Oil falls after Saudi Arabia and Russia delay meeting

April 6, 2020

LONDON (Apr 6) - Oil prices fell on Monday after Saudi Arabia and Russia delayed a meeting to discuss output cuts that could help reduce global oversupply as the coronavirus pandemic pummels demand.

Brent crude LCoc1 fell more than $3 when Asian markets opened but recovered some ground, with traders hopeful that a deal between the top producers was still within reach.

At 1012 GMT, Brent was down $1.23, or 3.6%, at $32.88 a barrel.

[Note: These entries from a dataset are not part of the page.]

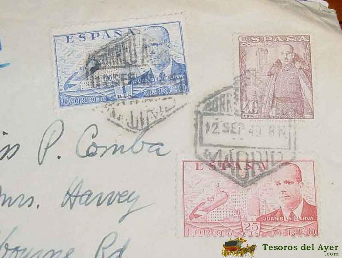 ANTIGUO SOBRE CIRCULADO POR AVION DESDE MADRID A HOVE (REINO UNIDO) EL 12 DE SEPTIEMBRE DE 1949 - HISTORIA POSTAL, TAL COMO SE VE EN LAS FOTOS, BUEN ESTADO DE CONSERVACION
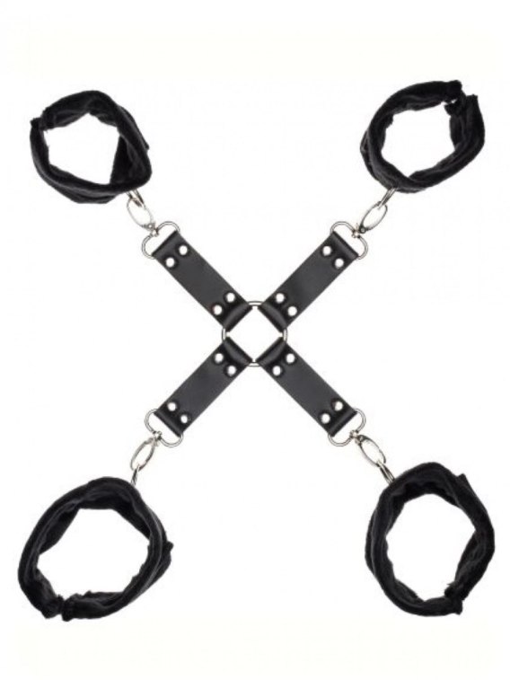 Zestaw mankietów Hogtie z naszej serii fetysz. Hogtie, który wiąże Twoje nadgarstki i kostki od tyłu, pozostawiając cię otwartym na wszelkiego rodzaju perwersyjne zabawy. 4 mankiety na nadgarstki i kostki są wykonane z miękkiego materiału piankowego dla dodatkowego komfortu i można je łatwo regulować za pomocą zapięcia na rzep. Mocowane są do szelek za pomocą metalowych haczyków muszkietowych.
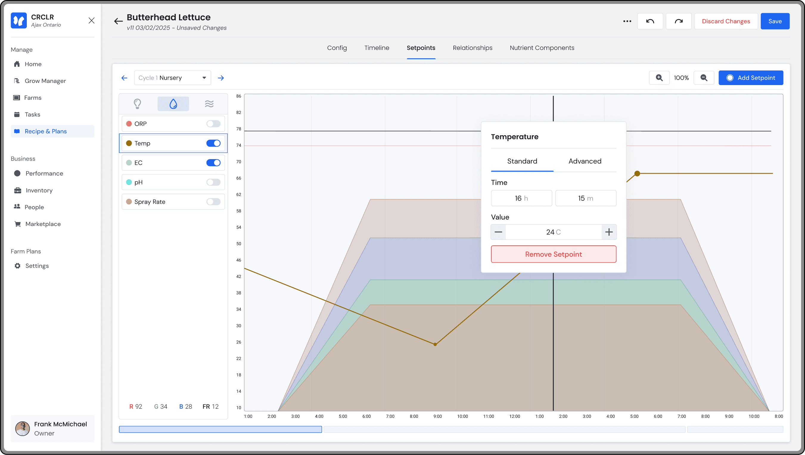 Within the setpoints tab, users can manage the variables within a cycle, all graphed visually through lines on a chart. Each lines can be manipulated to increase or decrease over time

U.S. crude CLc1 was $1.01, or 3.6%, lower at $27.33 a barrel, off a session low of $25.28.

The Organization of the Petroleum Exporting Countries and its allies, a group known as OPEC+, is expected to meet on Thursday, instead of Monday, to discuss cutting production.

“Perhaps it is best that the meeting was delayed for producers to cement a minimum of common ground before the actual discussions take place on Thursday,” said BNP Paribas analyst Harry Tchilinguirian, although he noted initial disappointment at the delay had driven down prices in Asian business.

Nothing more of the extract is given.